What is being asked: Only one span of the material below is wanted. Output it exactly, from the line with "최근에 거액의 차입금으로" through the line with "The dainty interlinked", without any pictures.

Data to examine:
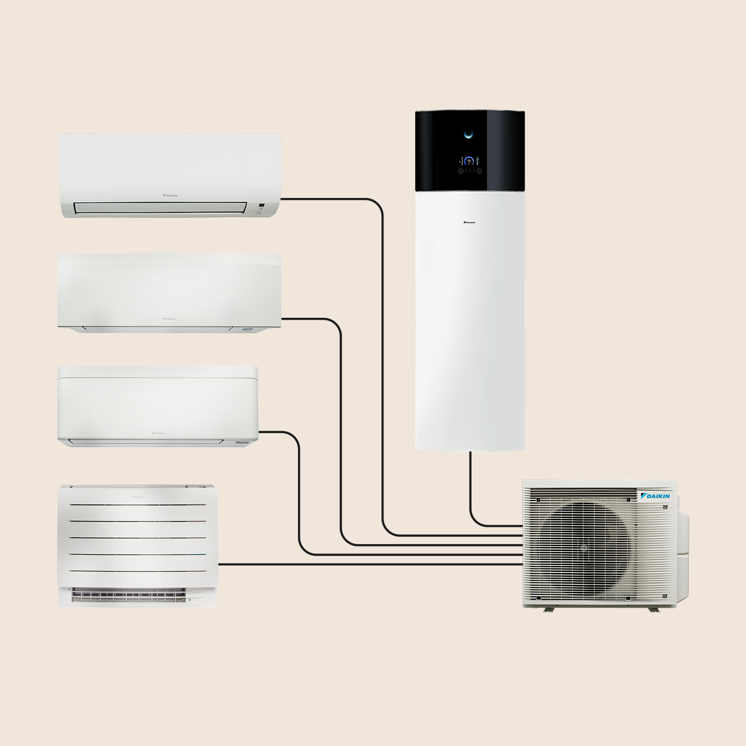 Verwarmen en koelen van je woning en productie van sanitair warm water door één enkele buitenunit aan te sluiten op maximaal vier binnenunits en een tank voor sanitair warm water
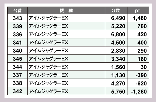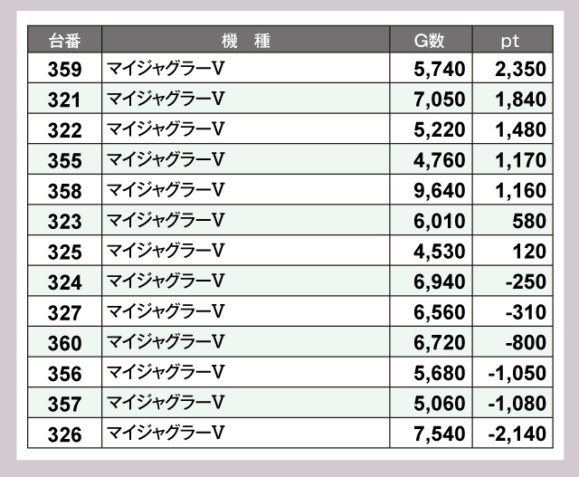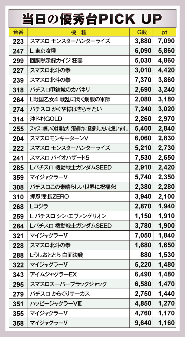 ※差枚pt順に掲載しています。
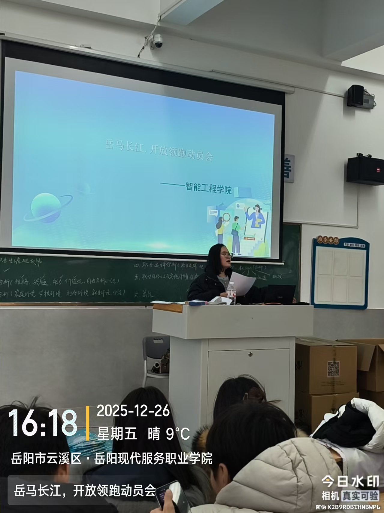 12 月 26 日,智能工程学院为即将出征 “康力电梯・2025 岳马长江 开放领跑・企业家精英赛” 的学子召开赛前动员会。会上,学院老师详细解读了赛事竞赛规程,重点强调了检录时间、集结分区、号码布佩戴、关门时间等关键要求,叮嘱同学们严格遵守...
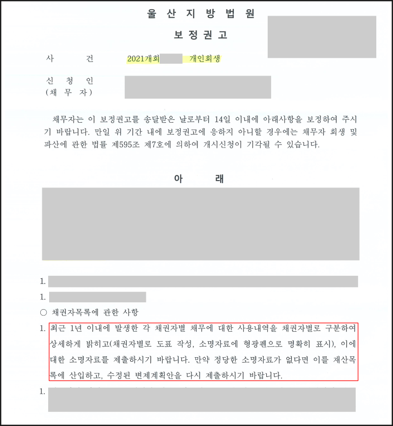 최근에 거액의 차입금으로 인해 개인회생 자문을 받은 경우에는 그 채무를 어디에, 어디서, 어떤 경위로 썼는지 밝히는 것이 타당합니다. 시정명령이나 건의가 끊이지 않는 이유는 제도를 악용해 이익을 챙기려는 누군가가 있기 때문이다. 그만큼 태클하기가 쉽지 않으니 체계적으로 준비하시고 해고당하지 않도록 하나도 놓치지 마세요.
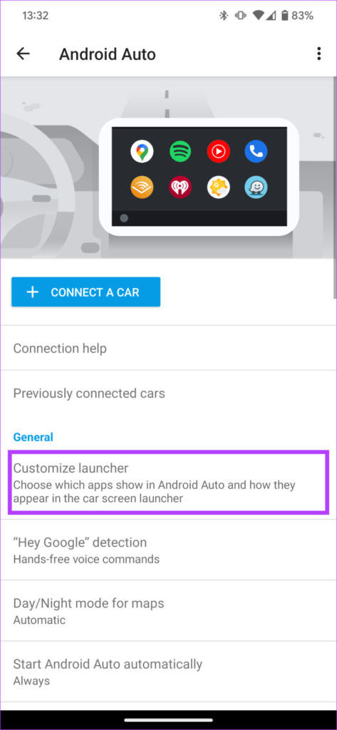 第 3 步:您現在將進入 Android Auto 設置。點擊常規設置下的自定義啟動器。
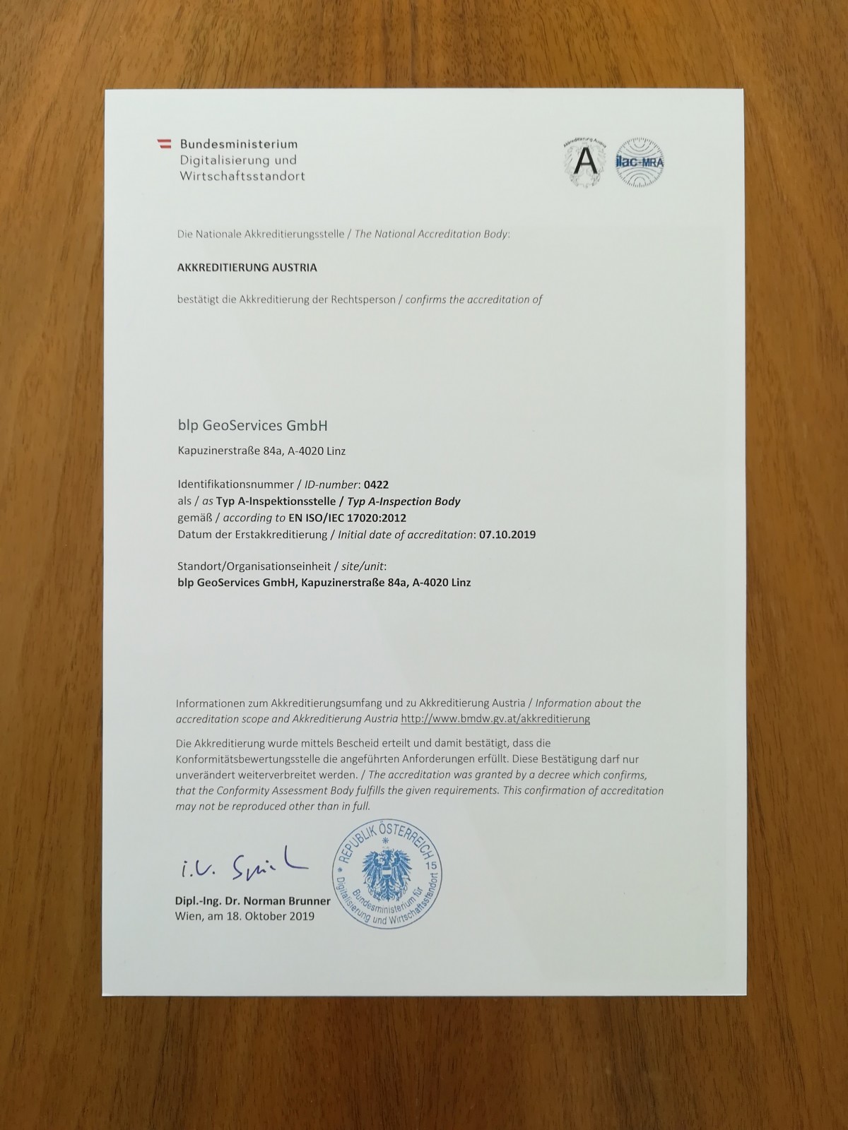 Seit 07.10.2019 sind wir Typ A-Inspektionsstelle gemäß ISO 17020:2012 für alle Untersuchungen gem. Anhang 4 Teil 2 1.2-1.7 Deponieverordnung 2008.
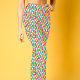 The dainty interlinked rosette design at the waist is truly unique. The poly-spandex makes for a nice fit and available in sizes 0-16. The printing is vibrant and eye-catching.
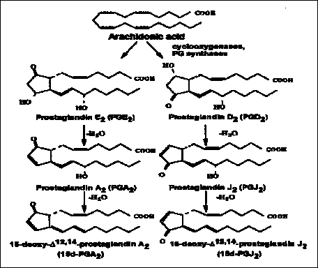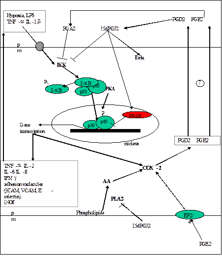 Значительную волну интереса к циклопентеноновым простагландинам вызвало в 1995 году открытие того факта, что 15d-PGJ2 является лигандом-активатором для PPAR [3,4]. PPAR являются членами суперсемейства ядерных рецепторов и включают в себя три типа – PPAR-альфа, бета и гамма. PPAR формируют гетеродимеры с ретиноидным рецептором и активируют экспрессию некоторых генов. Связывание лигандов, таких как 15d-PGJ2 с PPAR-гамма ведёт к активации транскрипции генов, имеющих PPAR-реагирующий элемент, локализованный на энхансере или промоторе. Альтернативно, связывание лиганда с рецептором может вести и к супрессии других генов, включая гены, кодирующие iNOS, TNF, COX-2 [5,6]. Однако существуют доказательства в пользу того, что существует альтернативный, PPAR-гамма-независимый механизм действия 15d-PGJ2. В настоящее время получены данные, что транскрипционный фактор NF-каппаB является также мишенью рецептор-независимой репрессии генов 15d-PGJ2 [7]. Имеются указания на существование других мишеней действия [8].

Result for this task:
 최근에 거액의 차입금으로 인해 개인회생 자문을 받은 경우에는 그 채무를 어디에, 어디서, 어떤 경위로 썼는지 밝히는 것이 타당합니다. 시정명령이나 건의가 끊이지 않는 이유는 제도를 악용해 이익을 챙기려는 누군가가 있기 때문이다. 그만큼 태클하기가 쉽지 않으니 체계적으로 준비하시고 해고당하지 않도록 하나도 놓치지 마세요.
 第 3 步:您現在將進入 Android Auto 設置。點擊常規設置下的自定義啟動器。
 Seit 07.10.2019 sind wir Typ A-Inspektionsstelle gemäß ISO 17020:2012 für alle Untersuchungen gem. Anhang 4 Teil 2 1.2-1.7 Deponieverordnung 2008.
 The dainty interlinked rosette design at the waist is truly unique. The poly-spandex makes for a nice fit and available in sizes 0-16. The printing is vibrant and eye-catching.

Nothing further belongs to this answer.